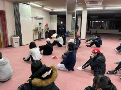 子ども達は眠たい目をこすりながら予定通り、6時半に大広間に集まりました。
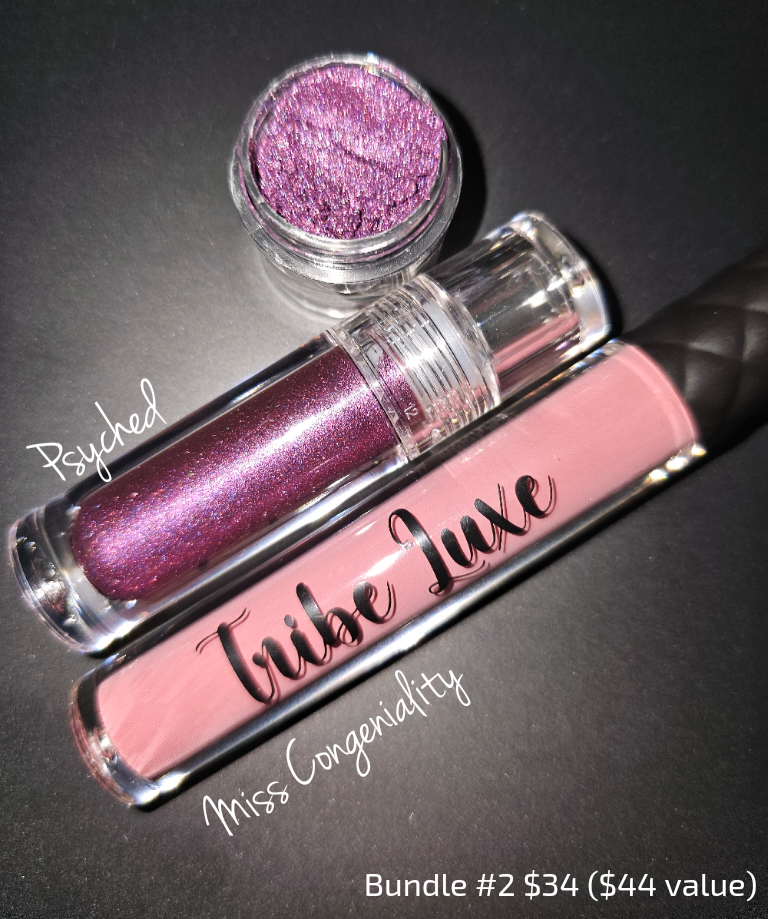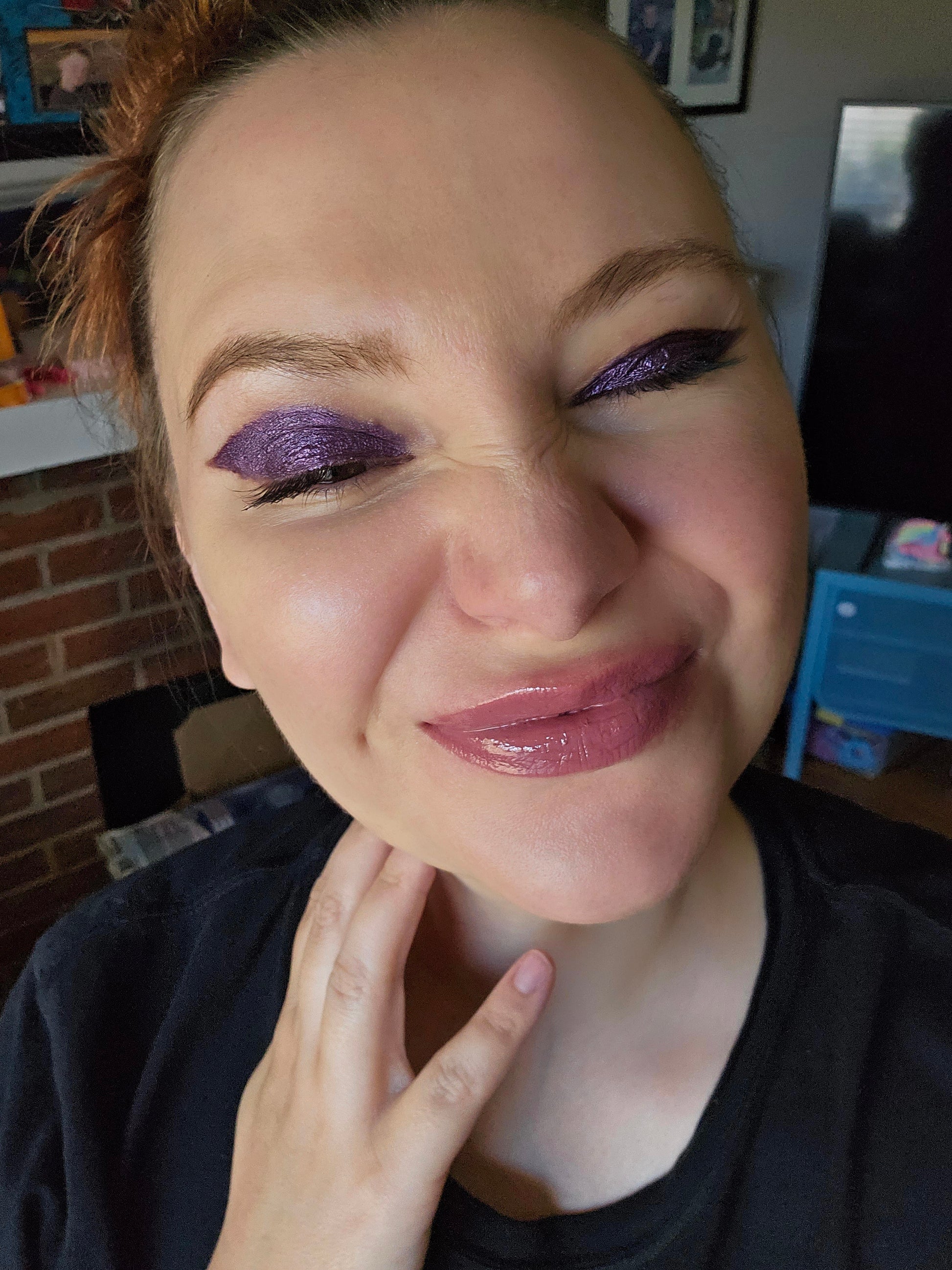 Psyched 24/7 cream & 365 loose eyeshadows - cool toned shimmery metallic deep purple.
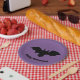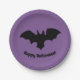 Flying bat on purple paper plate. Happy Halloween!
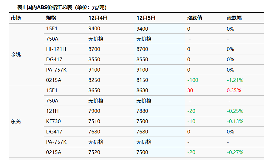 Based on the Ningbo and Dongguan areas, prices in the East China market are declining, while prices in the South China market continue to trend downwards. Today's market transactions were sluggish, with significant sales pressure on petrochemical plants. Traders showed a strong inclination to sell at lower prices, and quotations continued to decline. It is expected that the domestic ABS market will experience a narrow decline next week.
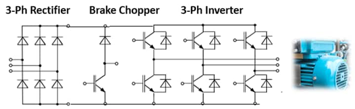 A standard industrial motor drive typically consists of 3-Phase rectifier, Brake chopper and 3-Phase inverter which could be 2 level or multilevel. The LT (< 1000Vac 3-Phase) drive has output voltages between 3-Phase 380V to 690V with nodes such as 415V, 440V and 480V depending on the type of motor and applications. Switching frequency is generally low to medium with around 2KHz for > 100kW and 4KHz for < 100kW though the range may vary.
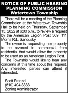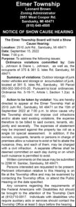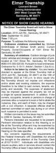 The Elmer Township Board will hold a Show Cause Hearing:Location: 2510 Juhl Rd., Sandusky, MI 48471Date: September 15, 2022Time: 7:00...
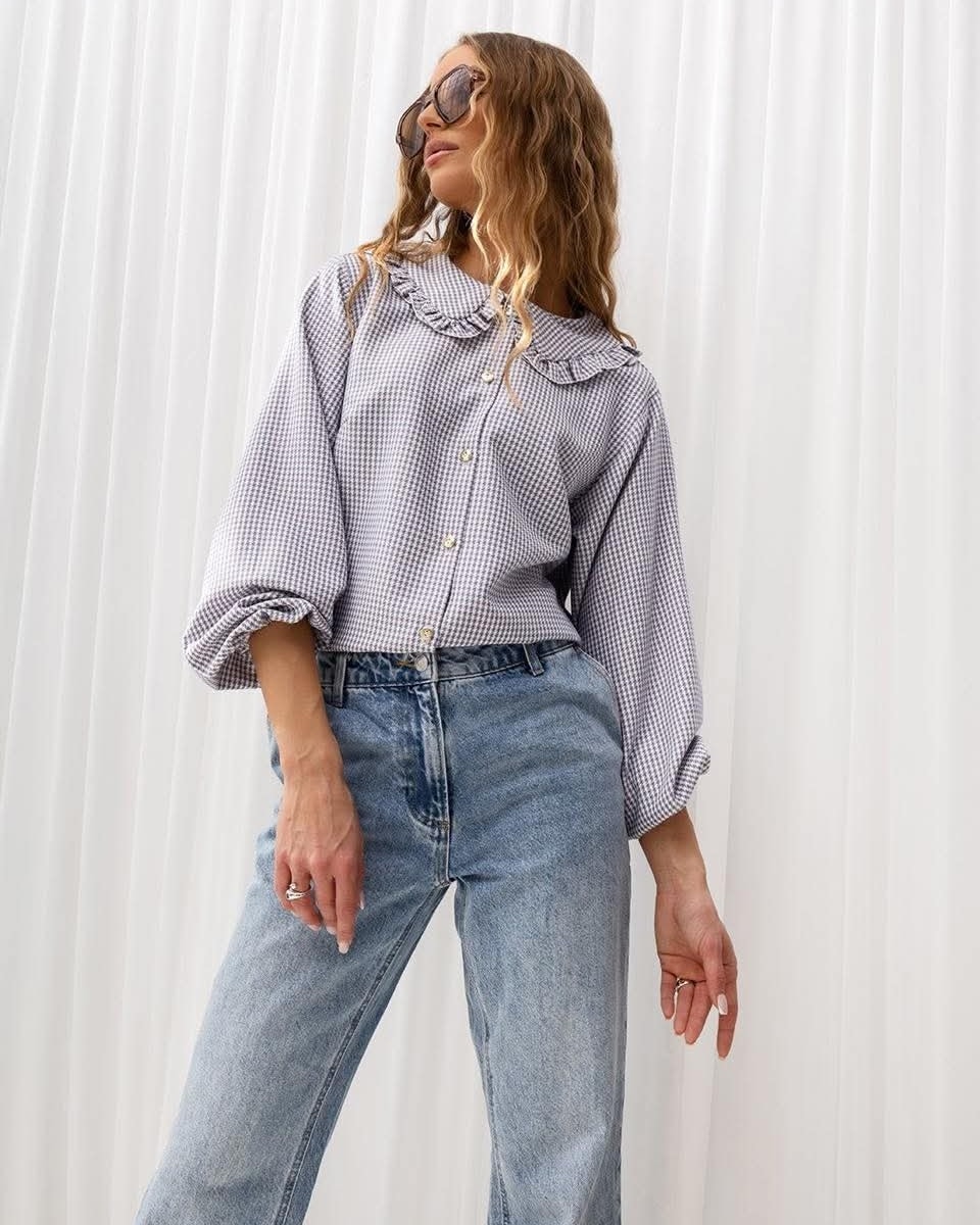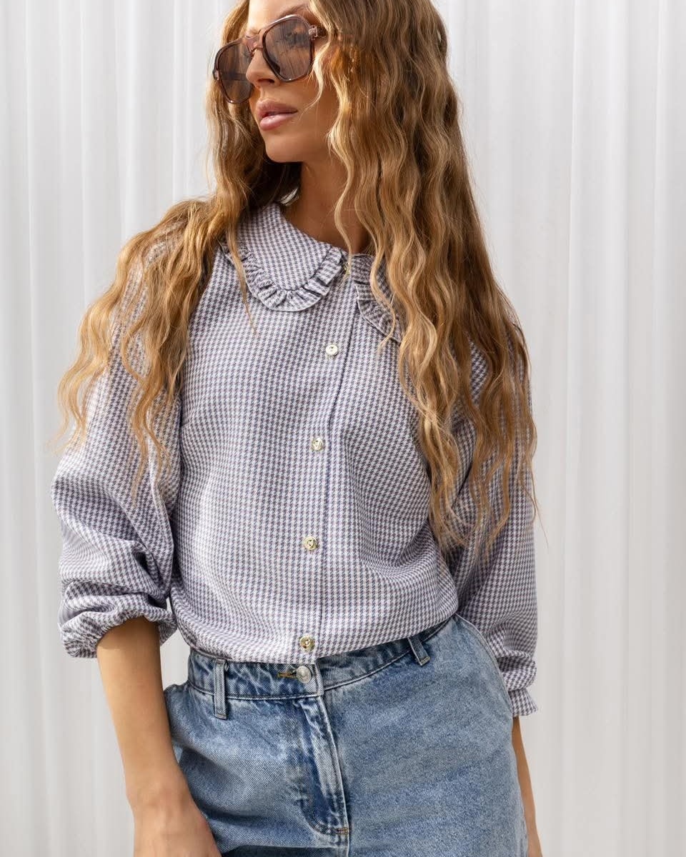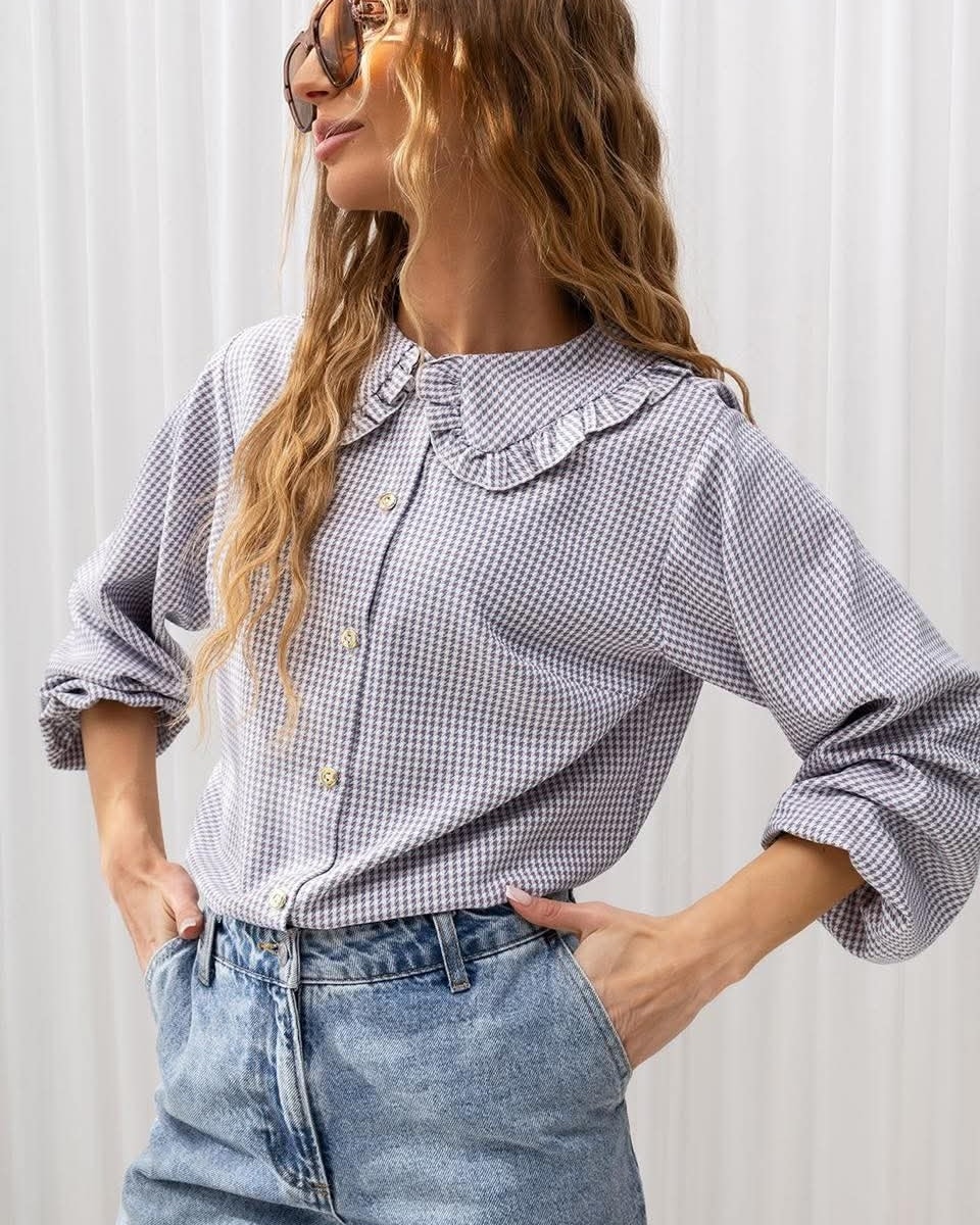 Kobiece koszule w delikatną kratkę lub gładkie z uroczym, ozdobnym kołnierzykiem wykończonym falbanką.

□ □ □ □

- INSTRUCTIONS TO FOLLOW -
Give the listing above again in its entirety and exactly; do not include the pictures.

- WORKED SOLUTION -
 子ども達は眠たい目をこすりながら予定通り、6時半に大広間に集まりました。
 Psyched 24/7 cream & 365 loose eyeshadows - cool toned shimmery metallic deep purple.
 Flying bat on purple paper plate. Happy Halloween!
 Based on the Ningbo and Dongguan areas, prices in the East China market are declining, while prices in the South China market continue to trend downwards. Today's market transactions were sluggish, with significant sales pressure on petrochemical plants. Traders showed a strong inclination to sell at lower prices, and quotations continued to decline. It is expected that the domestic ABS market will experience a narrow decline next week.
 A standard industrial motor drive typically consists of 3-Phase rectifier, Brake chopper and 3-Phase inverter which could be 2 level or multilevel. The LT (< 1000Vac 3-Phase) drive has output voltages between 3-Phase 380V to 690V with nodes such as 415V, 440V and 480V depending on the type of motor and applications. Switching frequency is generally low to medium with around 2KHz for > 100kW and 4KHz for < 100kW though the range may vary.
 The Elmer Township Board will hold a Show Cause Hearing:Location: 2510 Juhl Rd., Sandusky, MI 48471Date: September 15, 2022Time: 7:00...
 Kobiece koszule w delikatną kratkę lub gładkie z uroczym, ozdobnym kołnierzykiem wykończonym falbanką.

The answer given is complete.